07.08.2015, 14:14

Une étude neuchâteloise montre que l'homme n'a pas d'impact sur la violence des singes

chargement
Par ATS

Université L'institut de biologie de l'Université de Neuchâtel publie une étude sur la violence létale chez les chimpanzés. Résultat: l'homme n'a pas d'influence sur les coups de sang chez les primates.

La violence létale chez les chimpanzés est un comportement adaptatif normal et n'est pas due à l'influence humaine. C'est la conclusion d'une équipe internationale de chercheurs avec participation suisse publiée dans la revue "Nature".

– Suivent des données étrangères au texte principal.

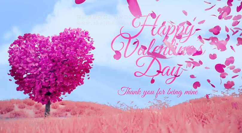 AE模板 浪漫情人节粉红心形树花瓣飘舞开场片头 Valentines Tree Wishes Reveal
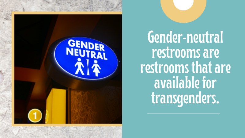 Gender-neutral restrooms are restrooms that are available for transgenders who don’t feel comfortable using a restroom for a particular gender.
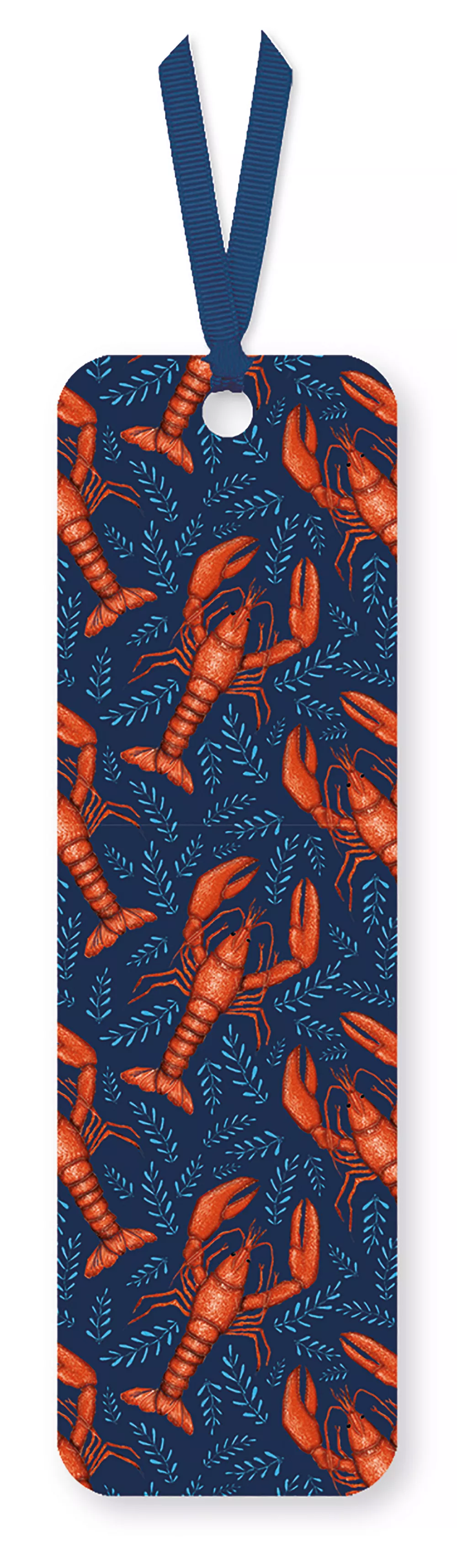 A beautiful cardboard book mark with a ribbon tag featuring an illustration of lobsters.
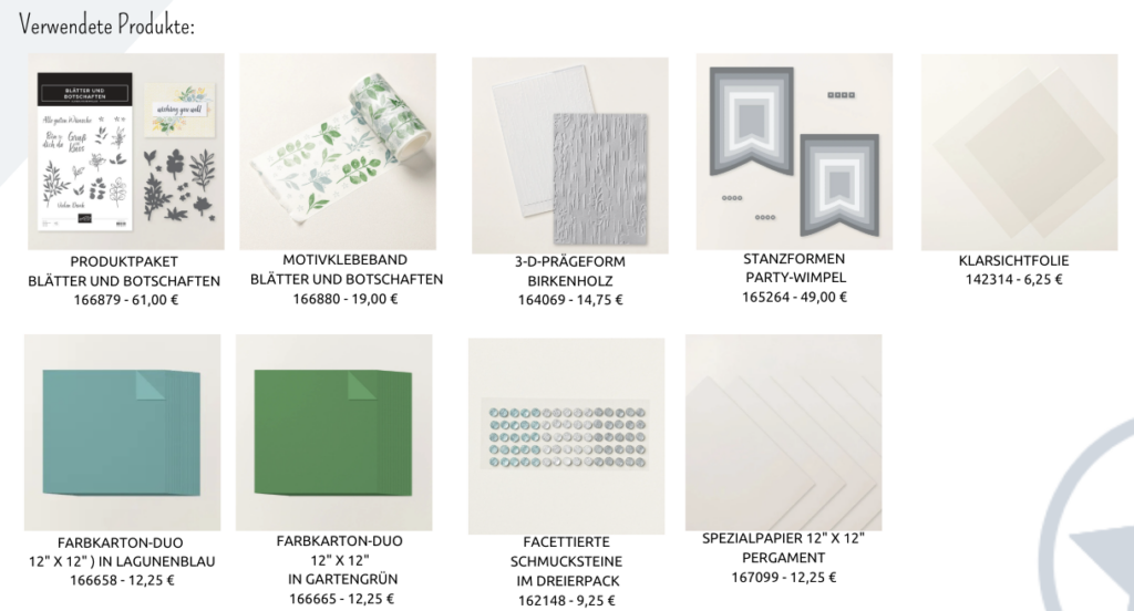 Hier habe ich noch die Produkte mit der ich die Karte gebastelt habe.
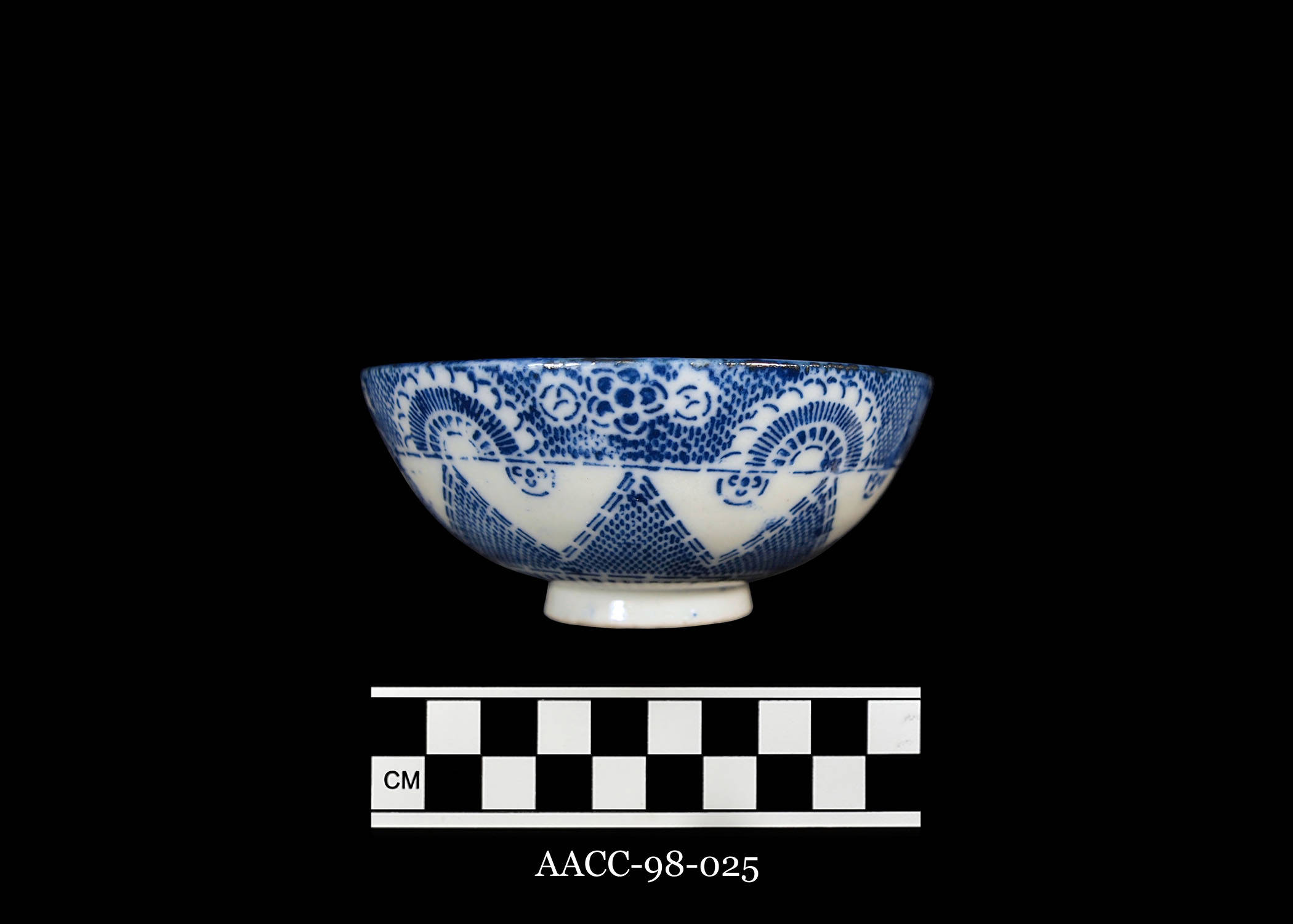 Side of Sometsuke Katagami Sho Chiku Bai Kobachi (small bowl with cobalt stenciled three friends design)
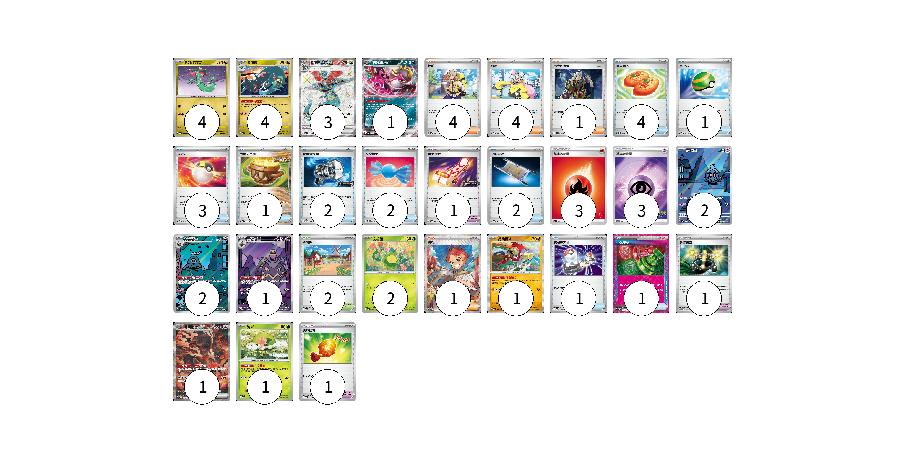 牌組構築方案 以此牌組為基礎新構築牌組 顯示卡面 顯示列表 寶可夢卡(22) 4 4 3 1 2 2 1 2 1 1 1 寶可夢道具(3) 1 1 1 物品卡(17) 4 1 3 1 2 2 2 1 1 支援者卡(10) 4 4 1 1 競技場卡(2) 2 能量卡(6) 3 3 寶可夢卡(22) 卡牌名稱 張數 卡牌名稱 張數 多龍梅西亞 SV6 079/101 04 多龍奇 SV6 080/101 04 多龍巴魯托ex SV6 120/101 03 吉雉雞ex SV6a 038/064 01 夜巡靈 SV6a 068/064 02 彷徨夜靈 SV6a 069/064 02 黑夜魔靈 SV6a 070/064 01 含羞苞 SV8a 001/187 02 摔角鷹人 SV8a 084/187 01 月月熊 赫月ex SV8a 225/187 01 謝米 SV9a 006/063 01 寶可夢道具(3) 卡牌名稱 張數 卡牌名稱 張數 緊急滑板 SV-P 140/SV-P 01 學習裝置 SVTM 016/022 01 勇氣護符 SV2D 067/071 01 物品卡(17) 卡牌名稱 張數 卡牌名稱 張數 好友寶芬 SV5K 063/071 04 巢穴球 SVK 016/042 01 高級球 SVK 018/042 03 大地之容器 SVK 012/042 01 反擊捕捉器 SV-P 136/SV-P 02 神奇糖果 SVK 019/042 02 夜間擔架 SV6a 056/064 02 寶可夢交替 SV9a 058/063 01 不公印章 SV5a 053/066 01 支援者卡(10) 卡牌名稱 張數 卡牌名稱 張數 派帕 SV4a 180/190 04 奇樹 SVK 031/042 04 老大的指令 SVK 036/042 01 赤松 SV7 123/102 01 競技場卡(2) 卡牌名稱 張數 卡牌名稱 張數 深缽鎮 SV1a 070/073 02 能量卡(6) 卡牌名稱 張數 卡牌名稱 張數 基本火能量 SH FIR 03 基本超能量 S10b PSY 03 以此牌組為基礎新構築牌組 牌組編碼 jJatya-NTRgbY-wKCcxR copy 列印牌組單 牌組編碼已複製 分享至SNS
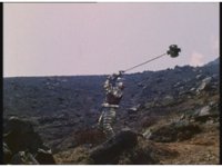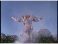 Close on King Mondo, by Earth cut-out's edge, talking at us, motioning left arm about as he speaks. |
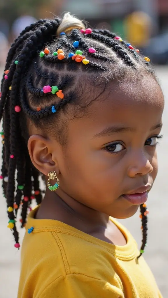 Accessorizing cornrows can add a personal touch and make the style even more fun! Consider using colorful beads, ribbons, or hair clips. You can also incorporate colorful cornrows for a vibrant look. Let your child pick their favorite accessories to express their personality and make the hairstyle truly theirs!
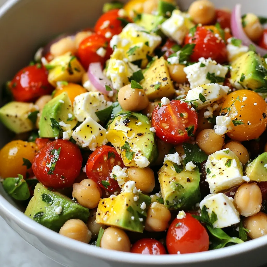 To make the Chickpea Feta Avocado Salad, gather these simple ingredients: - 1 can (15 oz) chickpeas, thoroughly rinsed and drained - 1 large avocado, carefully diced - 1 cup cherry tomatoes, halved - 1/2 cup feta cheese, crumbled - 1/4 red onion, finely chopped - 1/4 cup fresh parsley, chopped - 2 tablespoons extra virgin olive oil - 1 tablespoon freshly squeezed lemon juice - Salt and pepper, to taste - 1 extra avocado, diced (for garnish) Fresh ingredients make this salad stand out. Avocado adds creaminess and good fats. Cherry tomatoes bring sweetness and color. Red onion gives a nice crunch and sharpness. Fresh parsley adds a burst of flavor and makes the dish look pretty. Using quality extra virgin olive oil boosts richness. Fresh lemon juice adds a zesty kick. This salad is perfect for many diets. It is vegetarian and gluten-free. Chickpeas provide protein and fiber. Feta cheese adds calcium and flavor. You can easily replace feta with vegan options to make it plant-based. This salad works for lunch, dinner, or a snack, making it a great choice for everyone. {{ingredient_image_2}} Start by rinsing and draining one can of chickpeas. This helps remove any extra salt. Then, take your large avocado and carefully dice it. Use a sharp knife for clean cuts. Next, halve the cherry tomatoes and place them in your bowl for color. Crumble feta cheese over the mixture for a creamy texture. Lastly, finely chop a quarter of a red onion and add it to the bowl. In a small bowl, whisk two tablespoons of extra virgin olive oil with one tablespoon of lemon juice. This dressing adds brightness to the salad. Season it with salt and pepper. Pour this dressing over the salad ingredients in the large bowl. Gently toss everything together with a spatula. Be careful not to mash the avocado. You want to keep those nice chunks intact for the best flavor and look. To ensure your salad stays fresh, use ripe avocados. A ripe avocado will yield slightly when pressed. Combine the salad right before serving to keep the ingredients crisp. If you make it ahead, store the dressing separately. Add it just before serving to avoid sogginess. Finally, sprinkle fresh parsley over the salad right before serving for a burst of flavor and color. To ripen avocados, place them in a paper bag. The bag traps ethylene gas, speeding up ripening. You can add a banana or apple for extra help. Check daily until they feel soft. This usually takes 2 to 5 days. For quick ripening, place them near a warm spot, like a sunny window. You can boost your salad with fresh herbs. Basil, mint, or cilantro work well. Try adding a pinch of cumin or paprika for warmth. If you like a kick, diced jalapeños are great. For crunch, toss in some nuts or seeds, like toasted pumpkin seeds. These changes make the dish more exciting and unique. Serve the salad in bright bowls for a fun touch. Garnish with extra diced avocado and crumbled feta on top. A sprig of parsley adds color and a fresh smell. You can also drizzle a little more olive oil for shine. This makes the salad look as good as it tastes. Pro Tips Use ripe avocados: Ensure your avocados are perfectly ripe for the creamiest texture and best flavor in the salad. Adjust seasoning to taste: Always taste your salad before serving and adjust the salt and pepper to enhance the flavors. Add a protein boost: Consider adding grilled chicken or shrimp for a more filling meal option that pairs well with the salad. Chill before serving: Let the salad chill in the refrigerator for about 30 minutes to allow the flavors to meld together beautifully. {{image_4}} You can switch up the chickpeas with other beans. Black beans or kidney beans work great. They add color and flavor. Try adding different cheeses, too. Goat cheese gives a tangy taste, while mozzarella offers a milder flavor. Each choice brings a new twist to the salad. Using seasonal veggies makes this salad even better. In spring, add peas for a sweet crunch. In summer, crisp bell peppers can brighten the dish. In fall, roasted butternut squash adds warmth and depth. Each season brings fresh flavors, so don’t hesitate to mix things up. If you want a vegan option, swap feta for tofu or vegan cheese. Crumbled tofu can give a similar texture. You can also use nutritional yeast for a cheesy flavor. This keeps the salad creamy and delicious, while sticking to plant-based choices. To keep your Chickpea Feta Avocado Salad fresh, store it in an airtight container. This prevents air from making it soggy. It’s best to eat leftovers within two days. The avocado may brown, but you can still enjoy the flavor. For the best taste, buy fresh ingredients. Use ripe avocados for creaminess. Store them at room temperature until they ripen. Once ripe, keep them in the fridge. Cherry tomatoes should stay on the counter to keep their flavor. For feta, keep it in its brine or in a covered container. This salad is best enjoyed cold, so reheating isn't ideal. If you want to repurpose leftovers, use them as a filling for a wrap or mix them into a grain bowl. You can also add them to a quesadilla for a tasty twist. Yes, you can make this salad ahead of time. It keeps well in the fridge for up to three days. However, the avocado may brown. To keep it fresh, add the avocado just before serving. This way, it stays green and tasty. Chickpeas are great for you! They are high in protein and fiber. This helps you feel full longer. They also contain vitamins and minerals like iron and magnesium. Eating chickpeas can support heart health and aid digestion. Plus, they are low in fat, making them a smart choice. To make this salad lower in calories, use less feta cheese. You can also skip the olive oil or use less. Adding more vegetables like cucumber or bell peppers can help, too. These changes keep the salad light while still being delicious. In this post, I covered how to create a delicious salad using fresh ingredients. We explored ingredient lists, step-by-step preparation, and tips
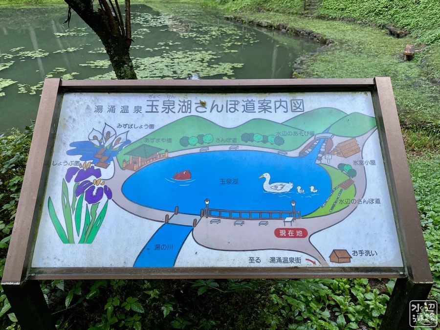 多くの文人墨客を集めた温泉街の景観要素にもなっており、「玉泉湖」というネーミングは何とも文学的。池畔には氷室や散策路もあり、桃源郷のような空気をまとっている。
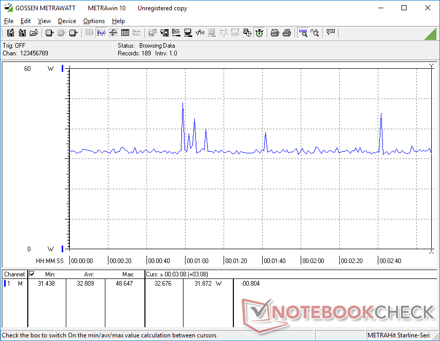 Anspruchsvollere Lasten wie 3DMark oder Witcher 3 verbrauchen um die 33 W, verglichen mit den 40 W oder mehr eines VivoBook S15 D533UA oder Lenovo ThinkBook 15 G3. Das liegt aber auch an der schwächeren Grafikleistung unseres Single-Channel-RAM-Modells, wie bereits erwähnt. Ein Upgrade auf Dual-Channel-RAM steigert sowohl die Leistung als auch den Verbrauch.

L'équipe codirigée par Klaus Zuberbühler, de l'Institut de biologie de l'Université de Neuchâtel, s'est penchée sur 18 communautés de chimpanzés et quatre de bonobos suivies depuis plus de 50 ans. Seul un bonobo a été tué durant ce laps de temps, contre 152 chimpanzés dans quinze communautés différentes.
Résultats: les scientifiques n'ont trouvé aucun lien entre ces accès de violence meurtrière, leurs variations et un éventuel impact humain. Ils augmentent lorsque la population de singes augmente et dans les groupes avec une forte proportion de mâles. La plupart sont le fait de mâles (92%) contre d'autres mâles de groupes voisins. Les victimes sont à 73% des mâles.

Meilleur accès aux femelles

Pour les scientifiques, il s'agit donc clairement de stratégies adaptatives visant un meilleur accès à la nourriture et aux femelles par élimination de la compétition. L'autre hypothèse proposée jusqu'ici, l'influence des activités humaines sur l'habitat et les sources de nourriture, est donc à rejeter, selon les chercheurs.
"Pour les primatologues, la chose était assez claire depuis longtemps", a indiqué à l'ats M. Zuberbühler. "Avec 30 homicides par an sur une population de 100'000 individus chez les chimpanzés, on se situe dans des proportions qui sont également observables chez l'être humain", a ajouté le chercheur. En Colombie en 2012, par exemple.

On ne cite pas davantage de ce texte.